Paul F. Markham, at Chappaquiddick the night of Kennedy’s car crash, dies
Mr. Markham, who was 89 when he died July 13 in Brooksby Village in Peabody, was no stranger to high-pressure or high-profile moments.
After a car he was driving went off a bridge on Chappaquiddick Island — claiming the life of Mary Jo Kopechne — US Senator Edward M. Kennedy first tried diving into the water to rescue her, and when he couldn’t, he went back to the island cottage where the two had just left a party.
Moments after Kennedy arrived outside, a guest inside the cottage approached Paul F. Markham and said: “Paul, the senator wants to see you.’’
Stepping out the door, Mr.

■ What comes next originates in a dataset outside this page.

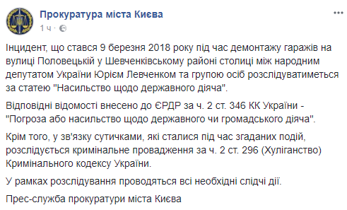 Инцидент между народным депутатом Украины Юрием Левченко и группой лиц, который произошел 9 марта во время демонтажа гаражей на ул.Половецкой в Шевченковском районе Киева, будет расследоваться по статье "насилие в отношении государственного деятеля".

Markham found Kennedy in the back seat of a car. Joseph F. Gargan — a Kennedy cousin who also was attending the party — was in the driver’s seat. Mr. Markham climbed in the front passenger seat and the three headed to the Dike Bridge.
At an inquest months later, Mr. Markham testified about that moment when they arrived at the scene: “Up to this time I didn’t know what the accident really was and I remember saying, ‘Holy God.’ ’’
Mr. Markham, who was 89 when he died July 13 in Brooksby Village in Peabody, was no stranger to high-pressure or high-profile moments when he stepped out of that car 50 years ago this month next to a bridge that would forever figure prominently in the nation’s political history.
Until a few months before that night, he had served as US attorney for Massachusetts. His office had taken on organized crime figures, and even prosecuted famed pediatrician Dr. Benjamin Spock for counseling men to evade the draft during the Vietnam War. (Spock and three others were convicted, but the verdicts were reversed on appeal.)
During more than 45 years as a lawyer, much of it in private practice, Mr. Markham was known for his commanding presence. He was 6 foot 4 and “had a big voice and was just an imposing figure there in the courtroom,’’ said his son John of Melrose, who also is an attorney.
“He was really dedicated to the profession,’’ John said of his father, who practiced law into his mid-70s, retiring in 2004. Mr. Markham, John added, kept working “just because he enjoyed doing it.’’
Long before that night on Chappaquiddick, Mr. Markham had been a political worker and social friend of the Kennedys — once suffering a shoulder injury during one of the family’s touch football games at the Kennedy compound in Hyannis Port.
Robert F. Kennedy, then the US attorney general, had appointed Mr. Markham to serve as an assistant US attorney in Massachusetts.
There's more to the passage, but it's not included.